Trade finance, which includes letters of credit, guarantees and short-term lending instruments that facilitate cross-border trade, remains critical to Africa’s economic activity, particularly for sectors dependent on imported raw materials, machinery and intermediate goods.
Analysts say any major disruption in trade finance availability could quickly cascade into broader economic stress across manufacturing, agriculture, energy and industrial production.
The AfDB projects that under a moderate-risk scenario, Africa’s trade finance gap could rise by 17.66 percent from the $73.59 billion recorded in 2024 to $86.59 billion by 2027.
Under a more severe scenario involving prolonged disruption of the Strait of Hormuz combined with tighter global credit conditions, the gap could widen even further to $95.59 billion.
The implications for inflation are also becoming increasingly concerning.
According to the bank, sustained energy price shocks and higher shipping costs are expected to push inflation across Africa to an average of 10.4 percent in 2026; nearly one percentage point above the AfDB’s January 2026 projection.
The inflationary pressures are expected to be particularly severe for import-dependent economies where higher fuel, transportation and production costs could feed directly into consumer prices.
For businesses, the rising costs of trade financing and importation may further squeeze already thin operating margins.
Manufacturers that rely heavily on imported machinery, industrial inputs and raw materials are likely to face worsening production costs, while agricultural producers may struggle with higher fertilizer and logistics expenses.
The report also highlighted another emerging challenge: the shifting priorities of global financial institutions.

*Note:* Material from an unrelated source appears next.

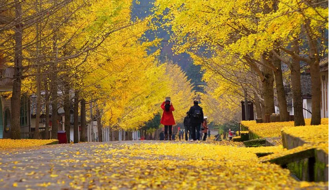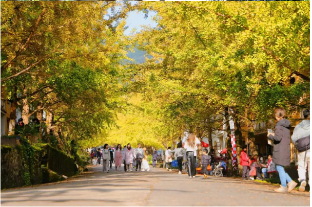 南雄是国内纬度最低的天然银杏生长区域。广东省唯一的银杏主产区,全国最美的银杏观赏地之一。最具代表性的就是帽子峰旅游景区的黄金大道和坪田千年古银杏群。帽子峰旅游景区的核心景观带黄金大道,街道笔直宽敞、清静幽雅,道两旁一栋栋两三层的连排小楼是林场的职工宿舍,建筑风格有着上个世纪的怀旧风情。沿道两排高大的银杏树,在建林场之初就已栽种下,默默见证着帽子峰林场的成长和变迁。深秋时节,金黄的树叶挂满枝头,铺满屋顶和地面,为这条幽静的黄金大道涂抹上诗一般的色调,犹如走进一个金秋的童话世界。 南雄不仅有好玩的,还有更多好吃的。南雄“味兼南北,五味调和”饮食上融合了广府和客家地区的特点,以鲜香热辣著称。吃辣,已经刻在南雄人的DNA里面,梅岭辣鹅、酸笋鸭、牛干脯等各色菜肴,都是变态辣的级别,让人开胃又大呼过瘾,所以南雄也被称为是“广东吃辣天花板”

According to the AfDB, many international lenders and investors are increasingly redirecting capital toward conflict-related hedging activities and safer developed-market assets, reducing their appetite for trade finance exposure in emerging and frontier markets such as Africa.
This growing risk aversion is occurring at a time when African economies are already facing tighter global liquidity conditions driven by elevated interest rates in advanced economies.

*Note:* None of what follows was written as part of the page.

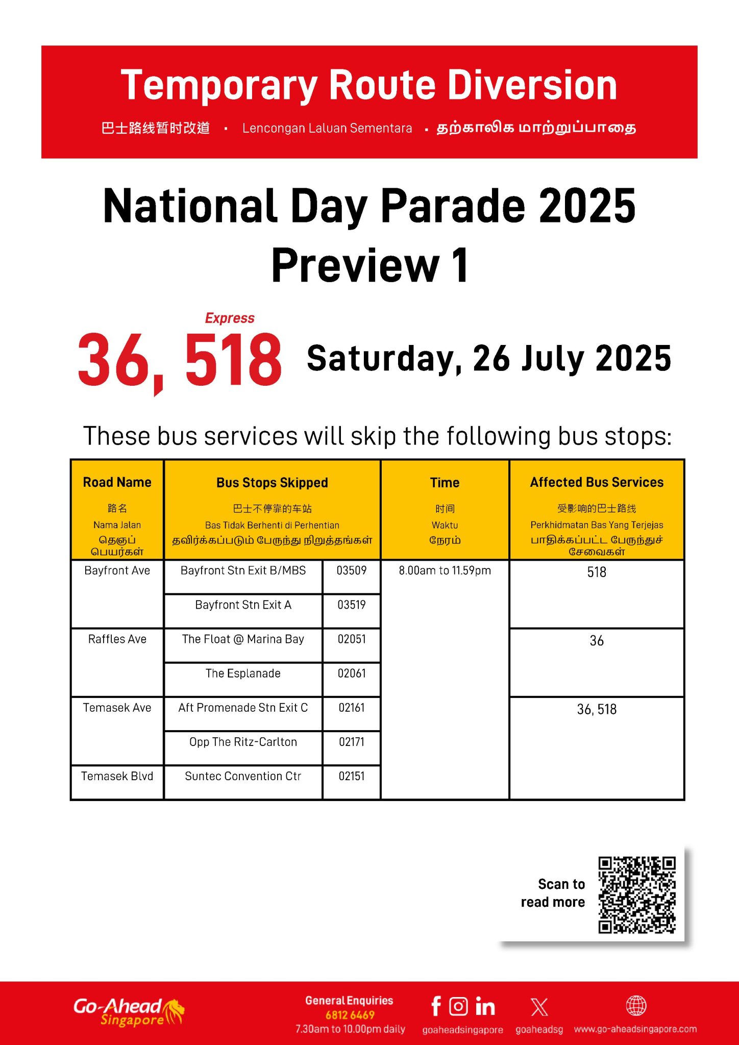 Bus Service Diversion for National Day Parade 2025 Preview 1

The consequence, analysts say, is a financing squeeze that may disproportionately affect smaller African businesses and banks with weaker access to international capital markets.
The AfDB noted that Africa’s trade finance gap widened by 53 percent during the post-pandemic years of 2022 and 2023 compared with 2020 levels, underscoring the structural fragility of the continent’s trade financing ecosystem.
Even before the latest geopolitical tensions, Africa’s trade finance gap stood at approximately $93.4 billion in 2019 before narrowing slightly during recovery efforts after the pandemic.
The bank attributed the persistent financing constraints to declining bank approval rates, rising borrowing costs and increasingly restrictive global financial conditions.
For policymakers, the report reinforces concerns that Africa’s economic fortunes remain highly vulnerable to external shocks over which the continent has limited control.
The heavy dependence on imported fuel, industrial inputs and food products continues to expose many African economies to global supply chain disruptions and currency instability.
Economists say the latest warning also underscores the urgency of accelerating regional trade integration and strengthening domestic industrial capacity under the African Continental Free Trade Area (AfCFTA).
Greater regional production and intra-African trade, they argue, could help reduce dependence on volatile external supply chains and lessen pressure on scarce foreign exchange reserves.
However, achieving such transformation will require major investments in infrastructure, logistics, manufacturing and financial systems capable of supporting cross-border commerce within the continent.
The AfDB maintained that under a baseline scenario without major geopolitical escalation, Africa’s trade finance gap could gradually narrow to about $65 billion.
The bank cautioned that such an outcome would depend heavily on stabilising global financial conditions, easing geopolitical tensions and improving access to affordable international credit.